Impacts of the Global Financial Crisis on Cities in Europe
An Introduction to Urban Austerity
von Sebastian Schipper und Barbara Schönig
In the period since the Wall Street crash, the refurbished rationale for austerity measures is that the imposition of strict fiscal discipline and government spending cuts is the (only) way to restore budgetary integrity – thereby securing the confidence of the investor class, appeasing the jittery markets and paving the way to growth. The critical test case that is Europe, of course, shows no signs of working. (Peck, 2012: 626)
1. Introduction
Since 2010, the global financial and economic crisis – which began, in 2008, as a result of the mortgage crisis of 2007 – has transformed into a sovereign debt crisis (Altvater, 2011; Blyth, 2013; Whitfield, 2014). Throughout each of these interconnected phases, cities have been at the center of the turmoil (Gotham, 2009; Hadjimichalis, 2011; Harvey, 2011; Martin, 2011; Blazek & Netrdova, 2012; Donald et al., 2014; Tabb, 2014; Eckardt & Sanchez, 2015). The economic crisis and the “fiscal dictatorship” (Lehndorff, 2012: 8ff) imposed by German and European elites in the years that followed (Bieling, 2011; Hadjimichalis, 2011; Demirovic & Sablowski, 2012) have dramatically affected urban regions: indebted homeowners have been evicted, masses impoverished, public budgets squeezed, municipal infrastructures privatized, public services downsized, and, above all, austerity measures implemented.

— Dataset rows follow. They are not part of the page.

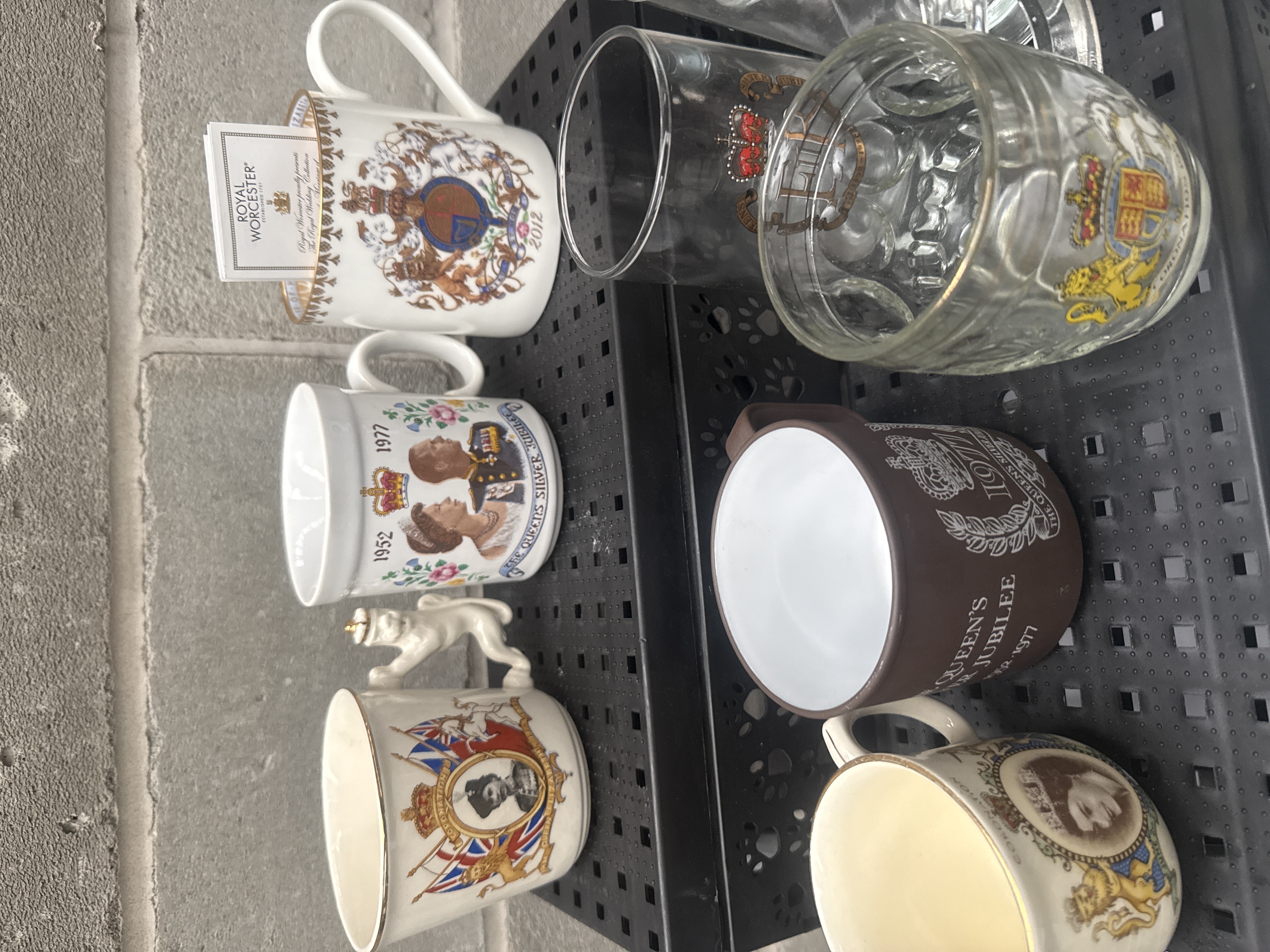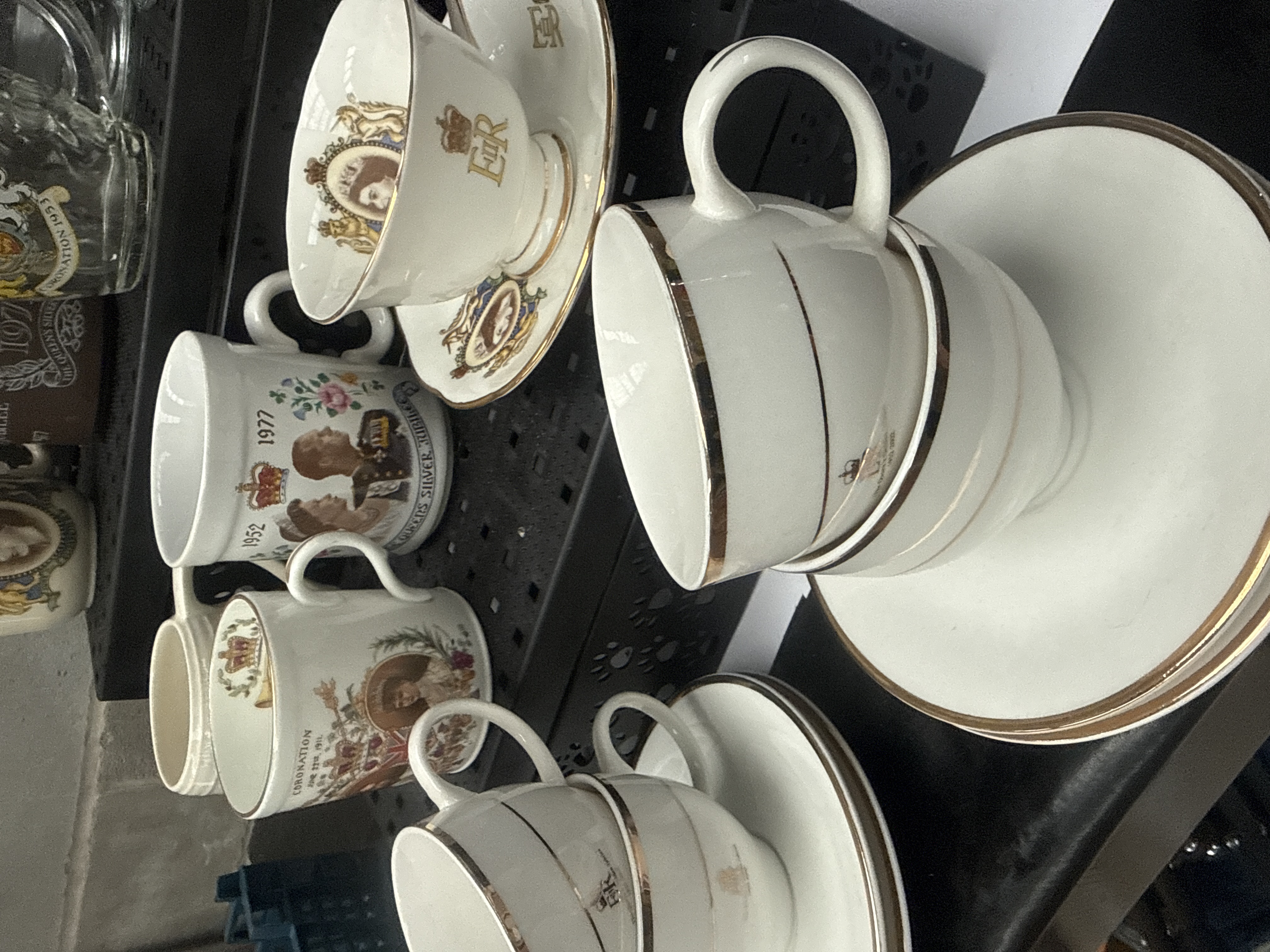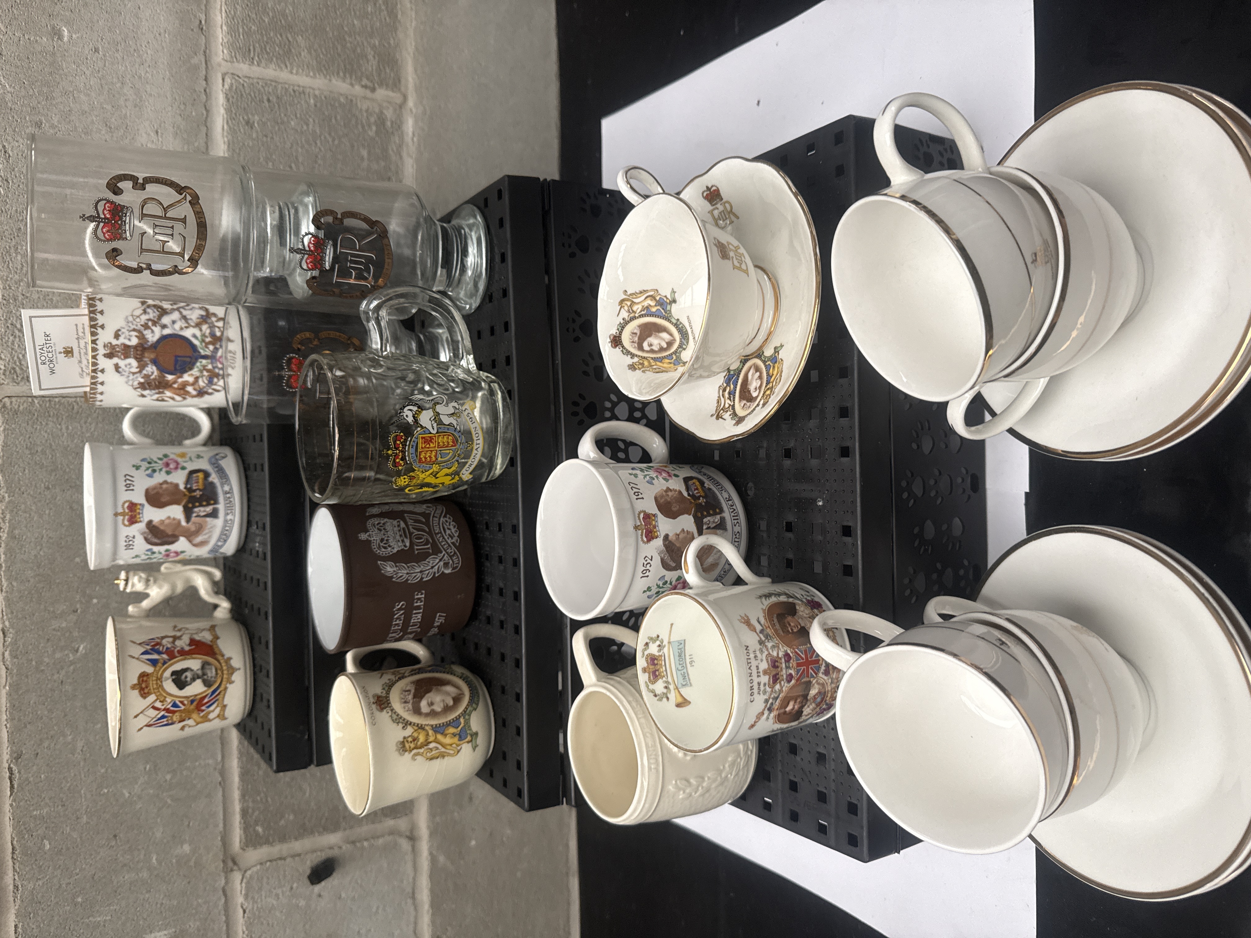 A group of 22 items celebrating various British Royal milestones, including the 1911 Coronation of King George V, the 1953 Coronation, the 1977 Silver Jubilee, and the 2012 Diamond Jubilee of Queen Elizabeth II, as well as pieces related to King George VI. The lot comprises white-glazed bone china, earthenware, and clear glass. Decorative elements include transfer-printed portraits, royal crests, and EIIR monograms, many finished with gold-gilt rims. Notable items include a mug featuring a molded figural lion handle, a Royal Worcester mug with its original paper insert, and an assortment of teacups, saucers, and drinking glasses.
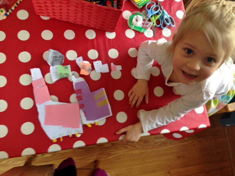 IMG_0595 (800x600)“The giraffes have necklaces on.  The Baba giraffe has a necklace.  The one with the purple has a dress on and that’s a mama.  The other ones are little sisters.” (Ellie describing one example of ultra-cute giraffes that she was obsessed with making a few weeks ago.).
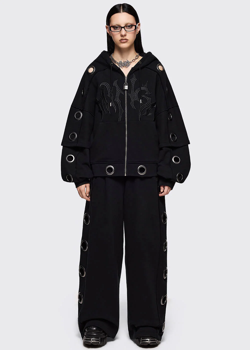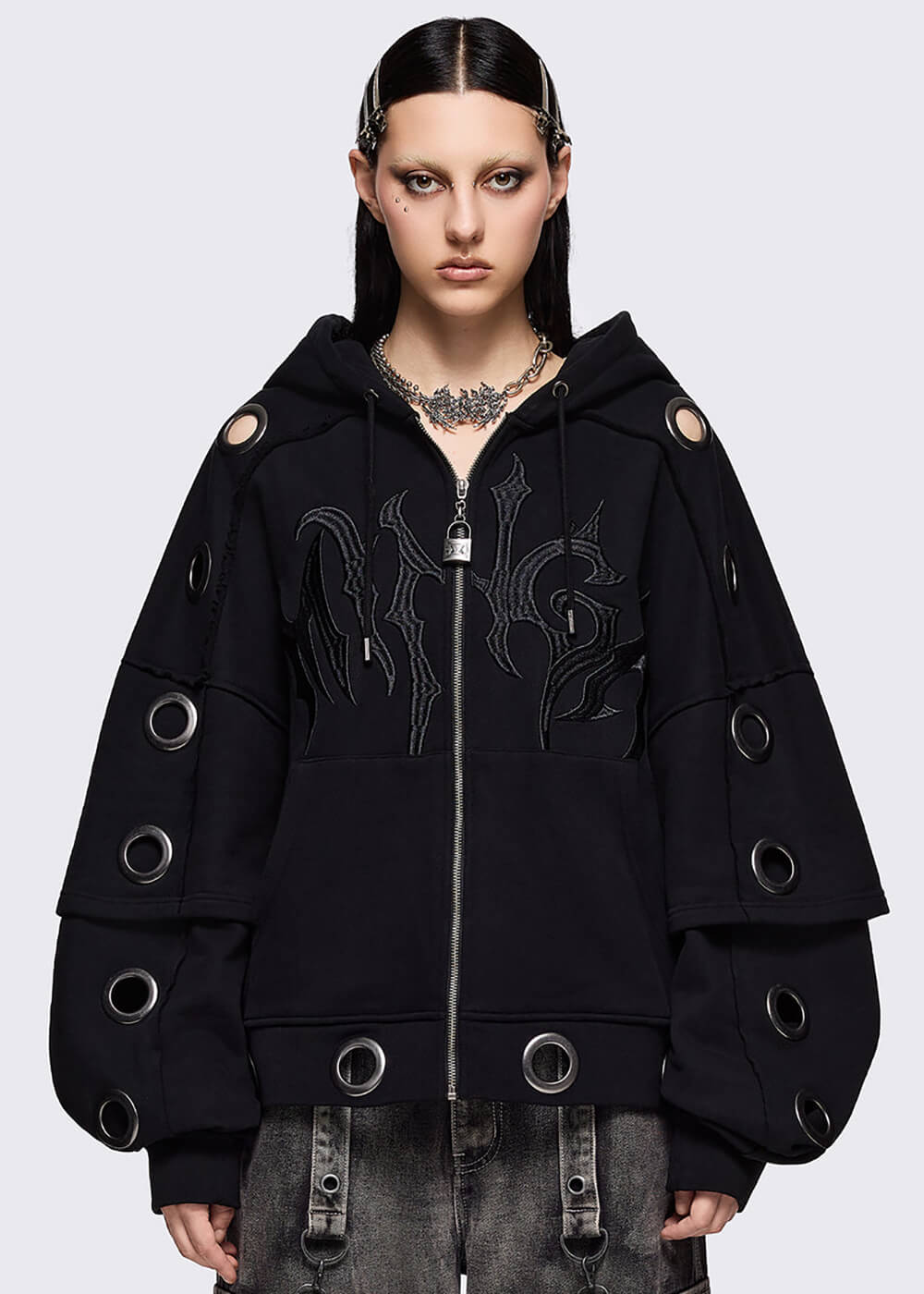 Dark Streetwear, Grunge & Y2K: Minga London reste résolument edgy!rnrnPremière impression ? Impact immédiat. On adore les manches superposées, le ‘Minga’ brodé sur le devant et le petit cadenas en guise de tirette. Les larges oeillets argentés se prolongent sur la capuche généreuse pour un rendu affirmé. Une pièce, un style tranchant.rnrn- Confectionné en coton avec légère élasticitérn- Coupe oversizern- Oeillets argentésrn- Capuche équipée d’oeilletsrn- Poches kangourourn- Manches longues superposéesrn- ‘Minga’ brodé sur le devantrn- Fermeture zippée avec petit cadenas en pendentifrn- Conseil : taille grand pour un look oversizern- Le mannequin porte une taille S/M et mesure 172 cmrn- 100% coton
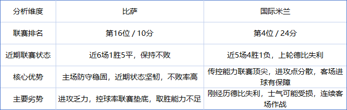 这场意甲对决是典型的“强弱对话”,国际米兰在整体实力和交锋历史上占据明显优势,但坐镇主场的比萨也并非没有抢分的机会。
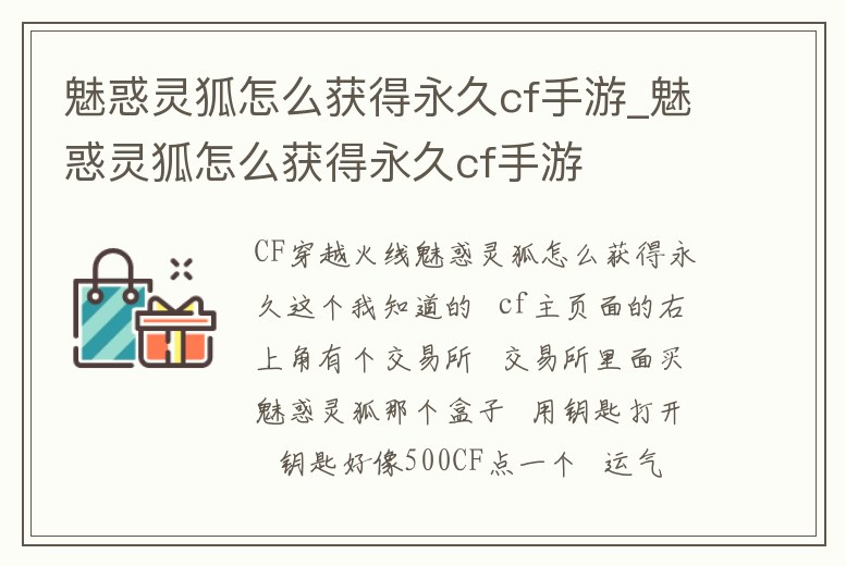 魅惑靈狐怎么獲得永久cf手游_魅惑靈狐怎么獲得永久cf手游

In December 2014, more than 80 urban scholars, politicians and social movement activists from ten different countries came together at the Institute for European Urban Studies (IfEU) at Bauhaus-Universität Weimar to share their research on the impacts of the global financial crisis on European cities as well as the experiences these cities have made with urban austerity policies. As a result, the conference has placed an issue that affects most people living in urban regions across Europe into the center of attention: the idea that fiscal austerity is an unavoidable political necessity in spite of its harsh consequences. The seemingly unavoidable hegemonic paradigm driving European politics is the idea that public budgets must be balanced and that this can only be achieved by way of frugal policies and an even leaner state than that which already exists: whether school buildings or bridges are nearly in ruins, public housing, waste management and/or health care are being privatized and reorganized according to profitability, participation in planning processes is being sacrificed on the altar of inter-urban competition, or the masses proclaim their resistance.